Before there were paper ballots in America, there was the human voice. Per the viva voce system, a practice with roots in Ancient Greece, eligible voters would call out the names of their preferred candidates to a government clerk, who registered votes in a pollbook. Sometimes bodies would suffice: in Kentucky, until the early nineteenth century, some elections were decided by counting the number of supporters lined up on opposite sides of the road. In some colonies, people would cast their votes with corn and beans—corn for yea, beans for nay.
Though voting “by papers” gained in popularity during Colonial times, state governments made little effort to standardize ballots until the early nineteenth century. Ballots often required voters to write their preferred candidate’s name on a scrap of paper, which might only be counted if the name was legible and correctly spelled. By the end of the eighteen-twenties, the sheer number of elected offices became too much for a scribe to list, paving the way for the legalization of printed ballots provided by party workers and candidates themselves. As political parties grew and the lists of candidates became longer, the ballots began to resemble the timetables on railway tickets—hence the term “party ticket.”

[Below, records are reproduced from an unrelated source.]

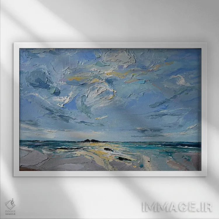 براساس پالت سرد اثر، قاب سفید مات (فریم باریک) پیشنهاد اول است و نقرهای برسخورده (متالیک) مکمل. برای سفارشهای پروژهای با ابعاد و قابهای اختصاصی با ایماژ در تماس باشید.
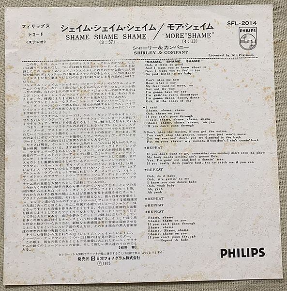A面「シェィム・シェィム・シェィム 」Shame, Shame, Shame
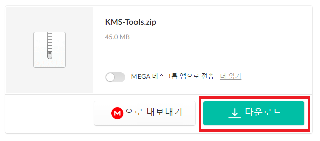 KMStools을 배포한 곳은 해외 블로그인 KMSAuto 사이트에서 공개적으로 배포한 파일이다. 해외블로그의 파일을 바로 다운로드 받을수 없기 때문에 메가드라이브에서 다운로드 받도록 하자.
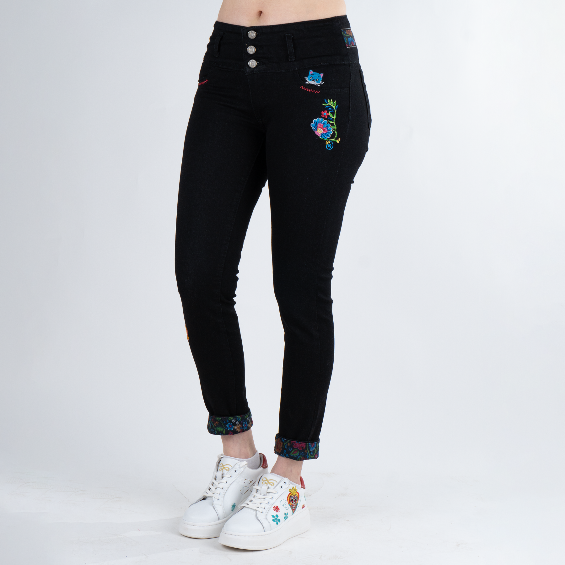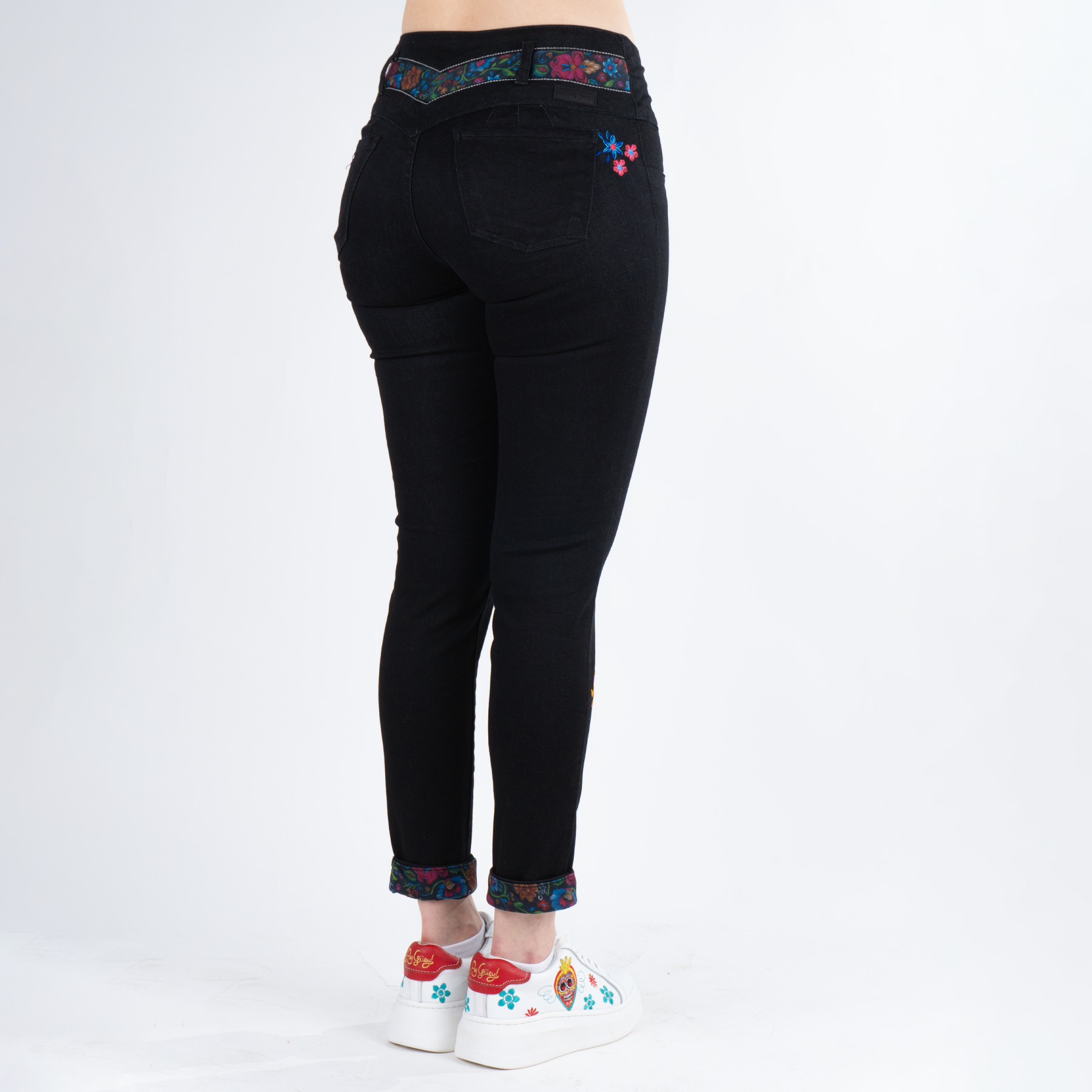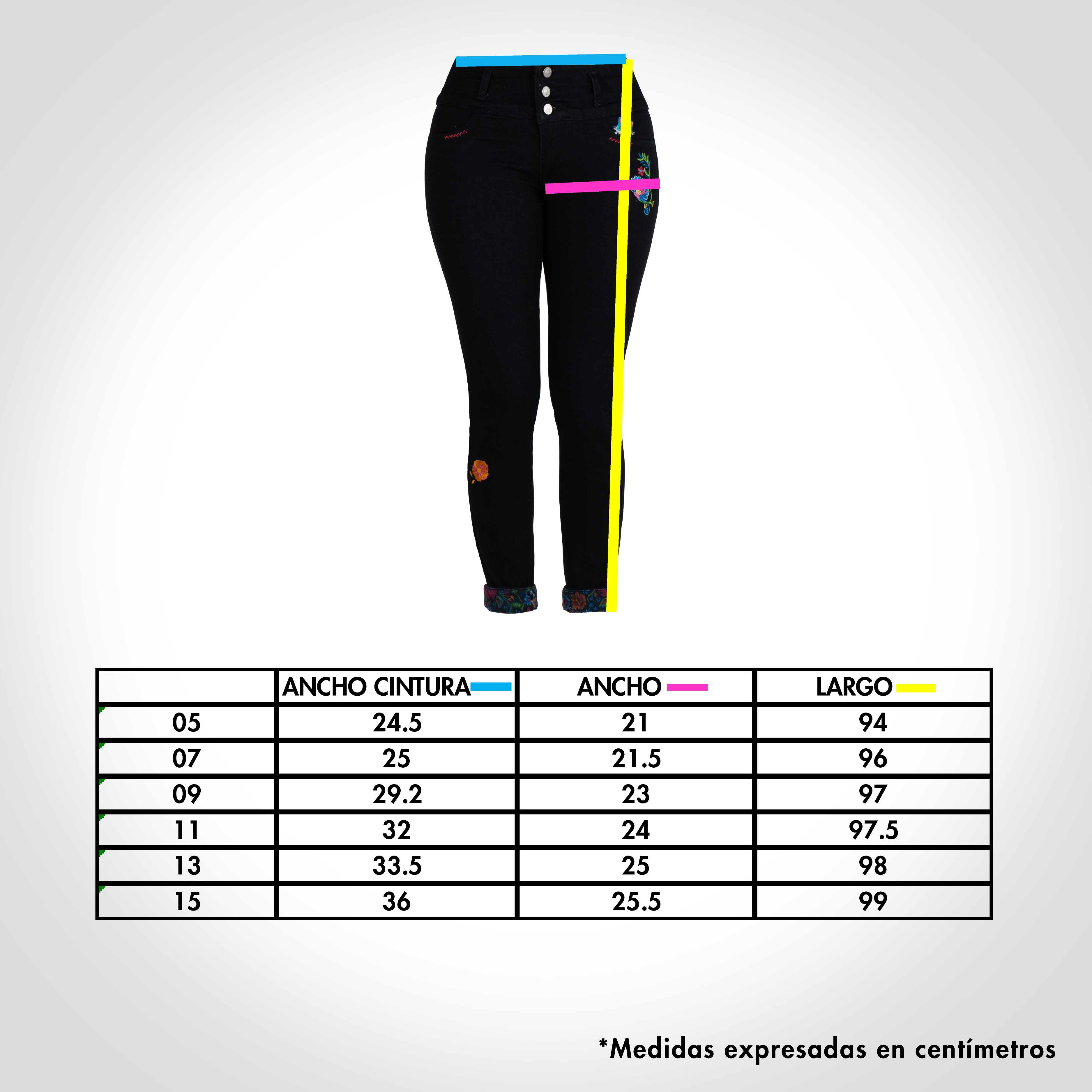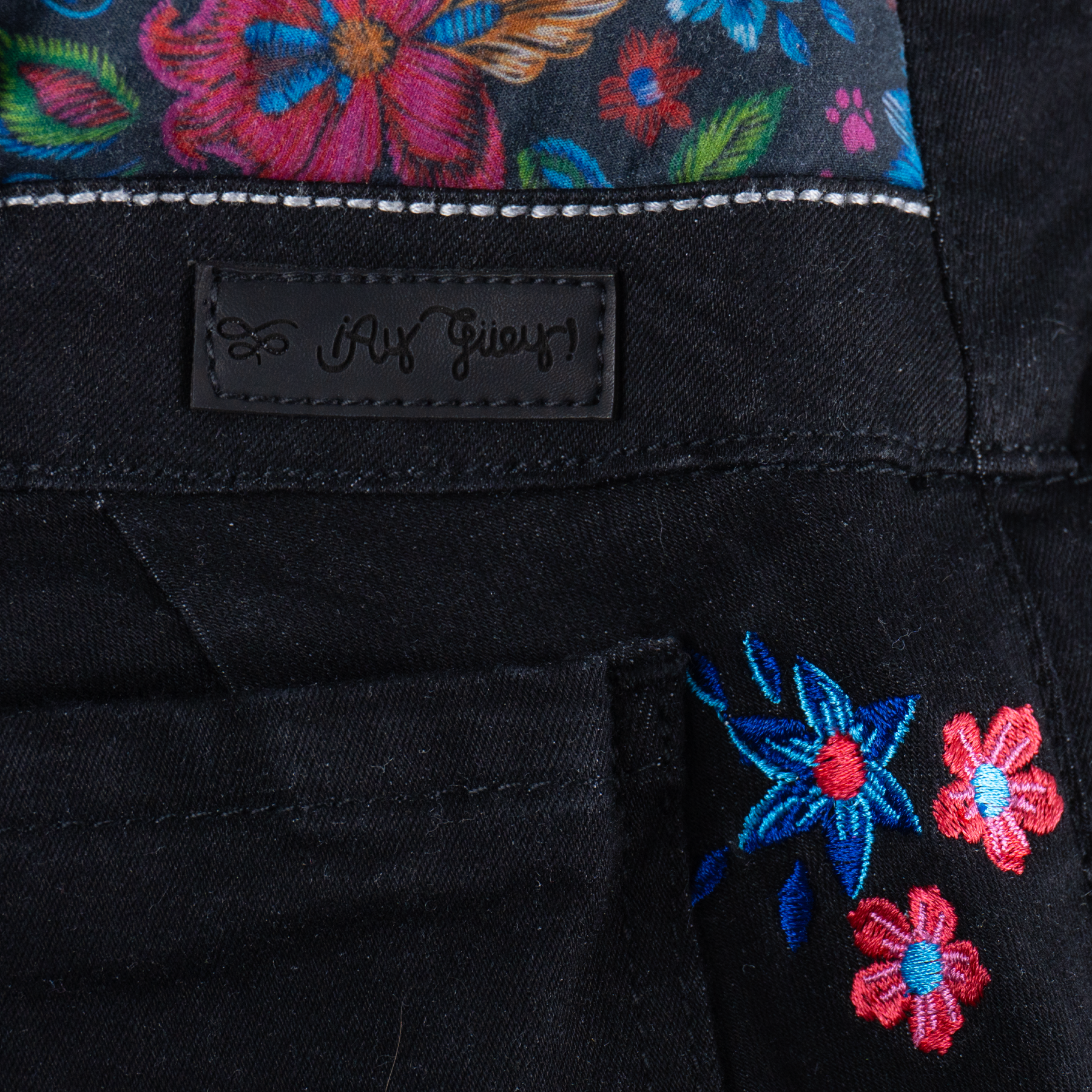 Pantalón de dama, nuestro clásico QQ con detalles de bordado y sublimado con motivos florales en la parte posterior que enmarca la cintura y el QQ ...
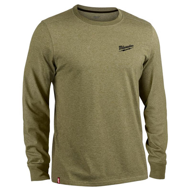 Milwaukee M Long Sleeve Men's Crew Neck Green Hybrid Work Tee Shirt
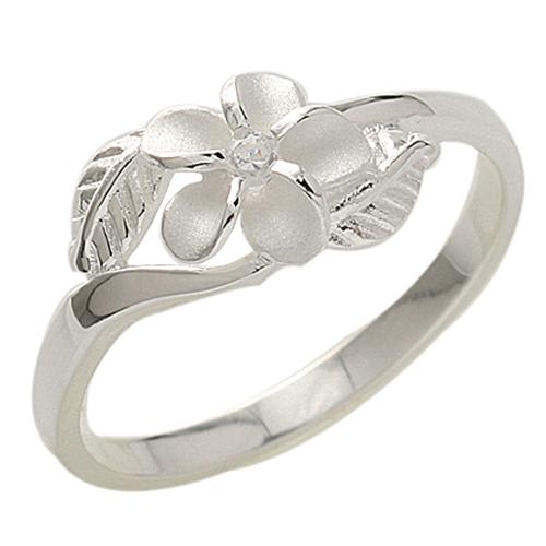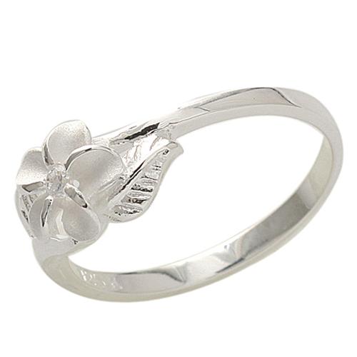 Sterling Silver 8mm Plumeria with CZ Two Leaf Ring

Despite regulations in some states that required ballots to be printed in black ink on white paper, parties would use distinctive graphic layouts and production methods that allowed party enforcers to monitor voting by visually determining the allegiance of the voter. Ballots were printed on off-white or brightly hued card stock for a more distinguishing look. The styles ranged from single names printed on small slips of paper to a riot of typefaces, colors, inks, and imagery. (After the Civil War, ballots commonly featured anti-immigrant party mottos, such as “Exclude the Chinese,” and allegorical depictions of the country threatened by encroaching immigrant hordes.) Elaborate designs were also printed on the back of ballots. Held in hand and displayed publicly, these ballots were their own form of political advertising, with the voter serving as a billboard.